[Start of Attachment]
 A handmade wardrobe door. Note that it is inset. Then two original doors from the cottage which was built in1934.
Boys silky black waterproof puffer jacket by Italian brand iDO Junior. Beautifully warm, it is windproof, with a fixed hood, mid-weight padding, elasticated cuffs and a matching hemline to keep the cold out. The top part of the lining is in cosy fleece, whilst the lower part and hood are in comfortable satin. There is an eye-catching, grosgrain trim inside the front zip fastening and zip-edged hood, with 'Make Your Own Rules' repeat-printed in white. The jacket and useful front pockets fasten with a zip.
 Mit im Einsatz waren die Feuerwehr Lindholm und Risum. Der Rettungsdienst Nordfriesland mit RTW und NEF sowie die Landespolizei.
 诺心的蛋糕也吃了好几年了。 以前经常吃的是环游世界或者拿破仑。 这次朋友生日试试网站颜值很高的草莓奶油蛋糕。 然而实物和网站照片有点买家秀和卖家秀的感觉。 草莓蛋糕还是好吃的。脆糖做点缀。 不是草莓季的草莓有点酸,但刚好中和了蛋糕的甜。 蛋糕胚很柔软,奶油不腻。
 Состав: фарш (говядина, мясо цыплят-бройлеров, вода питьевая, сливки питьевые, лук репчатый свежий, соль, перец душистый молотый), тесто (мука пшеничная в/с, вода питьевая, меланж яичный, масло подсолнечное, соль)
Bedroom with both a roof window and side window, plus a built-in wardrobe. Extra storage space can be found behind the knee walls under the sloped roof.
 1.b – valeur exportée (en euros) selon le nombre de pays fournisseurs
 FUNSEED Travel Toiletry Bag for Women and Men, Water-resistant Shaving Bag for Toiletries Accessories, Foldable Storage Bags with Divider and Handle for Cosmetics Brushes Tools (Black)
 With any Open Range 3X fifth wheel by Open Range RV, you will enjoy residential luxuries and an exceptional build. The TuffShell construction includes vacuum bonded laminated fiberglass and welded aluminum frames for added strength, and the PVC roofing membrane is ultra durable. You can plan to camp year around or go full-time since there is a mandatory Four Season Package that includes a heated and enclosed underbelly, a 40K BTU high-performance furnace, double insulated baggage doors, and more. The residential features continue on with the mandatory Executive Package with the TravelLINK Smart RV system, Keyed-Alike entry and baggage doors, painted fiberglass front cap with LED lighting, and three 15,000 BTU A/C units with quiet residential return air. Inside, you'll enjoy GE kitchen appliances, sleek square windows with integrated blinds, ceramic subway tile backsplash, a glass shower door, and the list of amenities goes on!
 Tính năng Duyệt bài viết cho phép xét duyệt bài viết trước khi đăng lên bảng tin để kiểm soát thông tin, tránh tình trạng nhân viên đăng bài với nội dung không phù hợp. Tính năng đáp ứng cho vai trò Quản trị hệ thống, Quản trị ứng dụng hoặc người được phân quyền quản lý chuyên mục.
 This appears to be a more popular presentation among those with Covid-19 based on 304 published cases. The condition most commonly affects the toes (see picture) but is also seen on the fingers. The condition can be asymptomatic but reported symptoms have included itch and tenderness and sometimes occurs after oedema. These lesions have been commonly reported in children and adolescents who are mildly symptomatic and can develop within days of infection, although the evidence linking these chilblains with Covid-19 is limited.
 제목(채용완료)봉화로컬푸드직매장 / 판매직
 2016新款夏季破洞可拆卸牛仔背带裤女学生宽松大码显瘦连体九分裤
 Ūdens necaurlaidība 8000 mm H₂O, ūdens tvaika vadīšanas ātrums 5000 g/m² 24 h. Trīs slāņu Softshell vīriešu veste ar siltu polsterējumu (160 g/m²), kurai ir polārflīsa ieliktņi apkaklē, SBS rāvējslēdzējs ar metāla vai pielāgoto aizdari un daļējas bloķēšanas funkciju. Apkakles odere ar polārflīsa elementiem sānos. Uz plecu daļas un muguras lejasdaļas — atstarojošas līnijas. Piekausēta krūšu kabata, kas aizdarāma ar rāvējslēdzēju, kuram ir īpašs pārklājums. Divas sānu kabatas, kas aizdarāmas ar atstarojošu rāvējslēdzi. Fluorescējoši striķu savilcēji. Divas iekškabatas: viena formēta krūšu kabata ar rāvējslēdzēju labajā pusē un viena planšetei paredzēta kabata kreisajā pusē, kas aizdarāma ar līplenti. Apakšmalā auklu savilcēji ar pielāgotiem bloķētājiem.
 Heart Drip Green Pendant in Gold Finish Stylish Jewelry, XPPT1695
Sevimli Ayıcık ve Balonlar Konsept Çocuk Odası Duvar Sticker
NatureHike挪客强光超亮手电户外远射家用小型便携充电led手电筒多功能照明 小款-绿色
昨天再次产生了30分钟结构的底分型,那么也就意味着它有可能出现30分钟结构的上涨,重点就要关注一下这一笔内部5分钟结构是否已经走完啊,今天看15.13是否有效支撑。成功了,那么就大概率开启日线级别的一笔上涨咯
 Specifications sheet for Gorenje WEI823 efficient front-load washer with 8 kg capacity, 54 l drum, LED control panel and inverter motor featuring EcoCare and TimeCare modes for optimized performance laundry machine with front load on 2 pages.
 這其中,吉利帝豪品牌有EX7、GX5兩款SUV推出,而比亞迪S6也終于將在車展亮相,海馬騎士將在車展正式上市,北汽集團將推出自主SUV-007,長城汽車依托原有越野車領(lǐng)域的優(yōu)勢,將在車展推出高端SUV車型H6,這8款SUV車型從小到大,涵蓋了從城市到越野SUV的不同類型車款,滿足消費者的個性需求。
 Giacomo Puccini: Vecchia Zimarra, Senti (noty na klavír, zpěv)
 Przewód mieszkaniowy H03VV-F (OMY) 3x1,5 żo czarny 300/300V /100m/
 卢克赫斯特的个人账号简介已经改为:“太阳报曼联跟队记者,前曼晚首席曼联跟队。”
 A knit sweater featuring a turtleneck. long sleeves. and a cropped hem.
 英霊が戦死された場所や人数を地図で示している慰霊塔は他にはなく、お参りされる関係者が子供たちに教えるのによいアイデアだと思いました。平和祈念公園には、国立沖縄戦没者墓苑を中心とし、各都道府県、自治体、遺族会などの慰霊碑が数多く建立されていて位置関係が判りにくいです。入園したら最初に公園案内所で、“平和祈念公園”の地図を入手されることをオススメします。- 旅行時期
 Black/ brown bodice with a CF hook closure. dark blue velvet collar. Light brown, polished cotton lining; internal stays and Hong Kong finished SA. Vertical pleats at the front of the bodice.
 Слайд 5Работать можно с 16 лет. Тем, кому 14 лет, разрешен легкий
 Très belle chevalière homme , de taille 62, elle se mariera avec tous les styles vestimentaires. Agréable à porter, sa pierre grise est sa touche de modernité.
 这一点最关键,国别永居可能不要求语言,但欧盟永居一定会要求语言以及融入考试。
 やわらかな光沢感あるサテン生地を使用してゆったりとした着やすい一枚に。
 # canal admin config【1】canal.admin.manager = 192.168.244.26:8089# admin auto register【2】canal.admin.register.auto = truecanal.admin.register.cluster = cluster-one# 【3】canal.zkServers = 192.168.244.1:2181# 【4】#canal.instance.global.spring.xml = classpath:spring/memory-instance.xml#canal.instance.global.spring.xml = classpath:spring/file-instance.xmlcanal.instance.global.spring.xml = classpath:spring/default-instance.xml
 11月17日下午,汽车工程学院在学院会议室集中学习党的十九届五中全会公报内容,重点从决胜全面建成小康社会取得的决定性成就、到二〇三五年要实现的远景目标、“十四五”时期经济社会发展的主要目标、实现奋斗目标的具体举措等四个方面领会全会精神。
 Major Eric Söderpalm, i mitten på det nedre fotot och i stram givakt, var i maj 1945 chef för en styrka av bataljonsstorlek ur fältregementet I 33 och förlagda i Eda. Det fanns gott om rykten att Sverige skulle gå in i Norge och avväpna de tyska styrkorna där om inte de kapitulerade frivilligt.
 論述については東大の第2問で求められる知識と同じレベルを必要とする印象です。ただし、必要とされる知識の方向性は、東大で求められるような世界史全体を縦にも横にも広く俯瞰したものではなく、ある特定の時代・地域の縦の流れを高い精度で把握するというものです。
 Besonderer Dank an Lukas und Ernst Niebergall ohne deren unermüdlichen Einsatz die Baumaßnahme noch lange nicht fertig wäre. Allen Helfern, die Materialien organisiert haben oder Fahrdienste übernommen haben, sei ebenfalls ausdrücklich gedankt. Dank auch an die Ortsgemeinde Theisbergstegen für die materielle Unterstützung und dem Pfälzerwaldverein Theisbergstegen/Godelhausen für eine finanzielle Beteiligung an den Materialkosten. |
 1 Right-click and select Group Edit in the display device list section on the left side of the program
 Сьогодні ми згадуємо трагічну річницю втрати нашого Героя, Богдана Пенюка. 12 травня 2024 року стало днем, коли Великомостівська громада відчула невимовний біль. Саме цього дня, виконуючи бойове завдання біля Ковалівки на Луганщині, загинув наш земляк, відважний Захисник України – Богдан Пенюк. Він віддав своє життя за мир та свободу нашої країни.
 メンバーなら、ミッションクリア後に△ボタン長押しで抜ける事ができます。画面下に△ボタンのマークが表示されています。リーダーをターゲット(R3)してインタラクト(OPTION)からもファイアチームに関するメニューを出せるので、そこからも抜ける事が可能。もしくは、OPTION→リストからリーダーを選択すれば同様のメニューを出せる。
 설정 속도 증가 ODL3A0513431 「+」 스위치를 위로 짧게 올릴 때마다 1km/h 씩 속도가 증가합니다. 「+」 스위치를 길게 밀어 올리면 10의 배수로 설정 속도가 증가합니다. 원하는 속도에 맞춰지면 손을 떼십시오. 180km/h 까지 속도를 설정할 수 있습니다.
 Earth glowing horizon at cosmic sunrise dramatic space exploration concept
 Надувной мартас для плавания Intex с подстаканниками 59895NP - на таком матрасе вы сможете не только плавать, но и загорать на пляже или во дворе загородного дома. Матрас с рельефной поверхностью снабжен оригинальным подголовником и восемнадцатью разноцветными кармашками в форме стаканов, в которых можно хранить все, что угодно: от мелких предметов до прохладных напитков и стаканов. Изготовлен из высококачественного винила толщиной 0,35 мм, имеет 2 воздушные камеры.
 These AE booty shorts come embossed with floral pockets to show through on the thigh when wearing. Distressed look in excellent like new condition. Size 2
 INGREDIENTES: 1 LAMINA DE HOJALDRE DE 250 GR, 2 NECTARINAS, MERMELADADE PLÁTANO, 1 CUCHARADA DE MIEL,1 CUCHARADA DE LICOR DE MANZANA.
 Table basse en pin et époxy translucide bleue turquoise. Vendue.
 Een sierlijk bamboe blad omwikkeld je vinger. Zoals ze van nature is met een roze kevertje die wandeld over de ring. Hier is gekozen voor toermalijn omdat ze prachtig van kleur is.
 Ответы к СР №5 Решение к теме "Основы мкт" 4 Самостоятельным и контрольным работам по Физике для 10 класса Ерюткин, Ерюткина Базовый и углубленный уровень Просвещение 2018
[End of Attachment]
EXERCISE
Return an exact copy of only the lines from the one with "Een sierlijk bamboe" through the end of the listing above, both included.

FINISHED EXERCISE
 Een sierlijk bamboe blad omwikkeld je vinger. Zoals ze van nature is met een roze kevertje die wandeld over de ring. Hier is gekozen voor toermalijn omdat ze prachtig van kleur is.
 Ответы к СР №5 Решение к теме "Основы мкт" 4 Самостоятельным и контрольным работам по Физике для 10 класса Ерюткин, Ерюткина Базовый и углубленный уровень Просвещение 2018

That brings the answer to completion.